Using a feminist perspective, this detailed, meticulous and well referenced study looks at the complexities of defining, or confining women through attempting to label them as feminists or traditionalists: we are all combinations of our histories, both shaped by our cultures and yet forging our own identities and decisions from these. The commonalities and differences between the women and their stories thus become a central theme within the book. It examines the complexities of the pregnant and birthing body, which can move, or 'slide' between pain and pleasure, and the language women draw on to describe bodily changes, sensations and intensity. The author teases out the meanings of 'natural' when applied to women, their bodies, and birth and its surroundings, as well as the potential limitations of this concept. It seeks to understand the meaning of birth in a woman's life and how that might impact on her and her family: the transformation though birth. Thus, it picks up on the politicisation that can occur through birth, especially when women challenge dominant views about how, where and with whom birth can and should take place. Throughout these discussions, the author looks at the spiritual and/or religious beliefs and practices that women use to help them make sense of their experiences and looks at how the experience of birthing can bring religious and/or spiritual meanings to their lives.

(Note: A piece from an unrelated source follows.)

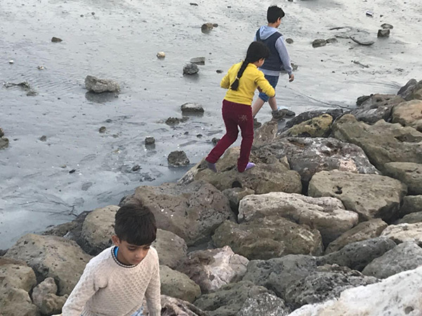 وقال بعض الاطفال: ”لانخشى وصول المد الان، وننزل الى ارض الشاطيء كي نتسلى ونجمع بعض القواقع“.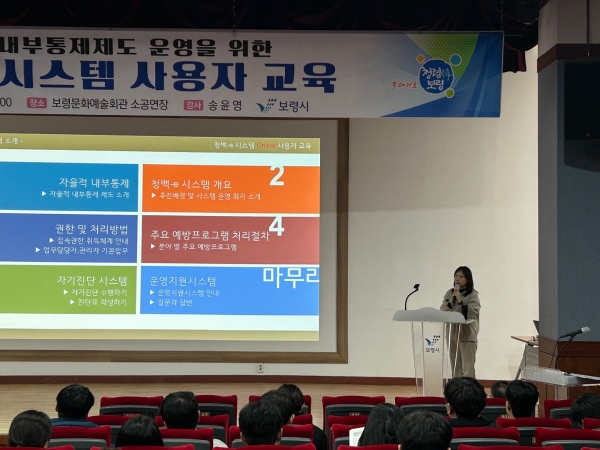 [충청뉴스큐] 보령시는 지난 19일 자율적 내부통제 제도의 효율적 운영을 위한 청백e 시스템 사용자 교육을 실시했다.

In studying the meanings of home birth, for these women, Pamela Klassen suggests that religion is still an important means of challenging a medical view of women's bodies and birth, that religion has a much broader meaning than we tend to afford it, and that childbirth can 'foster religious reflection and initiate religious practice'. Through the women's words, she looks anew at the miracle of birth and how women engage with this in their own unique and courageous ways that might display conformity and traditionalism and at the same time, agency and autonomy. Perhaps one of the main messages I take from the pages of this book is that childbirth can be truly a miracle when women are surrounded by loving, supportive relationships, and encouraged to be themselves in ways that inspire possibility.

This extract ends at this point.